Work order: Would you return, word for word, the lines of the data below from the line with "Candidato do PSL" through the line with "たくさん笑われた後は、施設近", and no others?

═════ Task data

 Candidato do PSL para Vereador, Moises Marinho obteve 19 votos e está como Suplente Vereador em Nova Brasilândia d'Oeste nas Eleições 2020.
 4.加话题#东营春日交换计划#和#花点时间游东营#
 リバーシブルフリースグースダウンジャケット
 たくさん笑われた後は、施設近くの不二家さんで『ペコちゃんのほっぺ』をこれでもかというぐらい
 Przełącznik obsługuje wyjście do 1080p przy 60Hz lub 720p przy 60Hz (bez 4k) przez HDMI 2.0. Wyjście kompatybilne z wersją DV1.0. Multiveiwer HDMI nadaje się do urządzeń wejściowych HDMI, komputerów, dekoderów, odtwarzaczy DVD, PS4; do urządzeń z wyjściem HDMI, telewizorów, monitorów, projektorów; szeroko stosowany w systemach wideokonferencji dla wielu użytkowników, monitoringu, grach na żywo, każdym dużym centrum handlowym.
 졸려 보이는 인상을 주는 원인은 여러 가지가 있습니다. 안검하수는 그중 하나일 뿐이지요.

══════════
═════ Task data

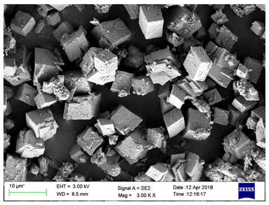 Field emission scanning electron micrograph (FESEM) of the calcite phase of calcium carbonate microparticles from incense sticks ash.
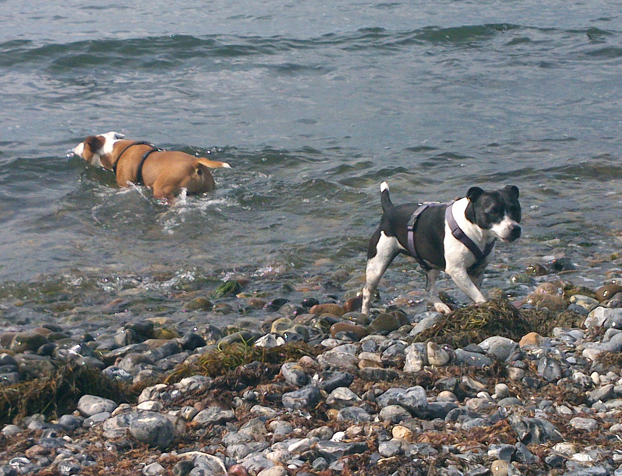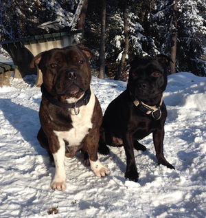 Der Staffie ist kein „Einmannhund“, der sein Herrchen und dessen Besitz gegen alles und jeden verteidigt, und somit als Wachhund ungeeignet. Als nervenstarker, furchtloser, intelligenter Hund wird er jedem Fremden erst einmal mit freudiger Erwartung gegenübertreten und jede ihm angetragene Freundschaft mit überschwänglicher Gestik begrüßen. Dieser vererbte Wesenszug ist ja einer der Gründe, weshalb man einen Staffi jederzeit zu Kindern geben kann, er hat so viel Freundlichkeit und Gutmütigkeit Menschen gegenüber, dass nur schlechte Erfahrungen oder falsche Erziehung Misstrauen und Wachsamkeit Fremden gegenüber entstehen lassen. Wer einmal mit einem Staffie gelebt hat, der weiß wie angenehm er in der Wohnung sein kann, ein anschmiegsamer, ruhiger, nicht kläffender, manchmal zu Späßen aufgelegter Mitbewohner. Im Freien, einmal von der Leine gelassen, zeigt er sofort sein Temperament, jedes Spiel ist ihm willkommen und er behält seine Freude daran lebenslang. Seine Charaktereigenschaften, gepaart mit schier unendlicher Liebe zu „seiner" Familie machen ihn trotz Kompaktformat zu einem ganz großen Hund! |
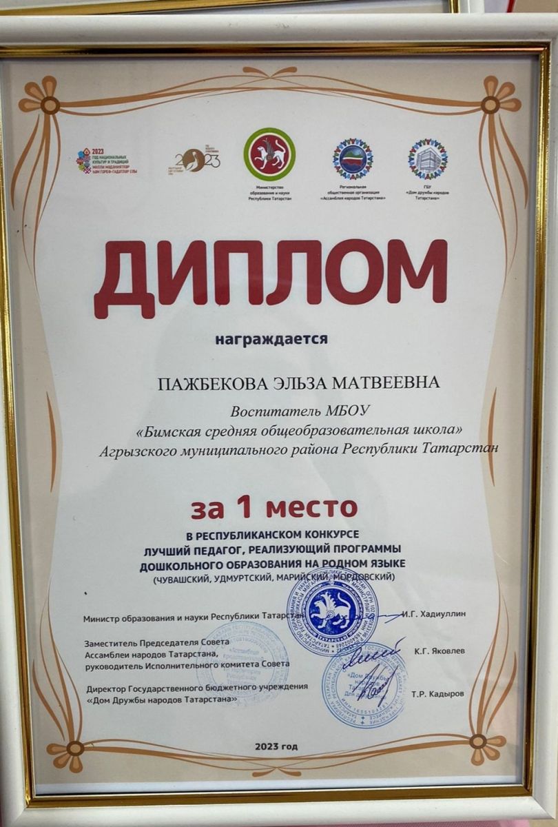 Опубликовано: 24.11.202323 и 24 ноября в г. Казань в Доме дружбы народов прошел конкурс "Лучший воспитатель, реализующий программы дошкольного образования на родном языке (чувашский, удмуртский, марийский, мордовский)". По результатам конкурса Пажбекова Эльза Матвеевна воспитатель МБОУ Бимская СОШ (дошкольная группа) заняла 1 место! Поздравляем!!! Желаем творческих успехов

══════════
═════ Task data

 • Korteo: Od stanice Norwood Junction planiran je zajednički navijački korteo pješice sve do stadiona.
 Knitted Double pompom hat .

══════════

Result of this task:
 Candidato do PSL para Vereador, Moises Marinho obteve 19 votos e está como Suplente Vereador em Nova Brasilândia d'Oeste nas Eleições 2020.
 4.加话题#东营春日交换计划#和#花点时间游东营#
 リバーシブルフリースグースダウンジャケット
 たくさん笑われた後は、施設近くの不二家さんで『ペコちゃんのほっぺ』をこれでもかというぐらい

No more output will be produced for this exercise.